Exercise requirements
Leave the pictures out and print, word for word, the lines below from the one with "齐心 C4181 牛皮纸系列 课堂笔记无线装订本 B5 40张" through the final line.

Data below
****************************************
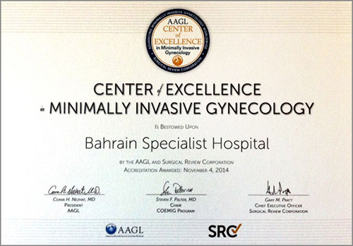 Recently the Surgical Review Corporation (SRC), and American Laparoscopy Association (AAGL), an independent healthcare quality organization and the world-leading administrator of Center of Excellence programs for surgery specialties, designated the Gynecology department at Bahrain Specialist Hospital as a Center of Excellence in Minimally Invasive Gynecology (COEMIG™). This is given to those hospitals and surgeons that meet specific quality and practice criteria following a comprehensive evaluation of hospital facilities, policies, procedures, and patient outcomes, worldwide. Appointed by the Surgical Review Corporation, Gynecological department at Bahrain Specialist Hospital joins the small group of nearly 170 out of the 5,185 registered hospitals worldwide, and 440 surgeons that hold this award.
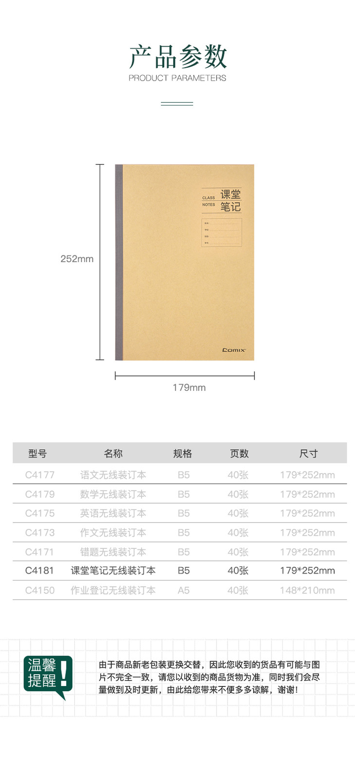齐心 C4181 牛皮纸系列 课堂笔记无线装订本 B5 40张
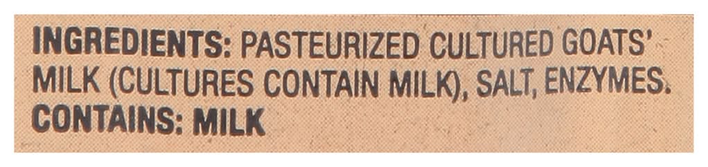 Pasteurized Cultured Goats' Milk (Cultures Contain Milk), Salt, Enzymes
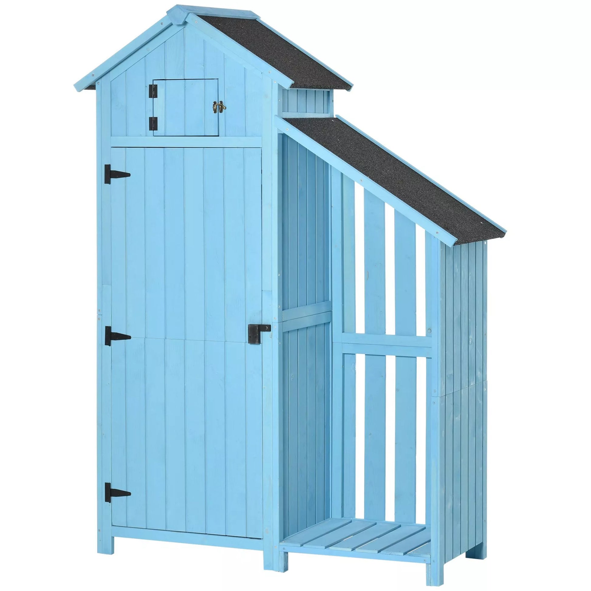 Sodo namelis įrankių sandėliukas su malkine, 3 lentynomis, asfalto danga, eglės mediena, dangaus mėlynumo, 130 x 54,5 x 180 cm
****************************************
Solution below
齐心 C4181 牛皮纸系列 课堂笔记无线装订本 B5 40张
 Pasteurized Cultured Goats' Milk (Cultures Contain Milk), Salt, Enzymes
 Sodo namelis įrankių sandėliukas su malkine, 3 lentynomis, asfalto danga, eglės mediena, dangaus mėlynumo, 130 x 54,5 x 180 cm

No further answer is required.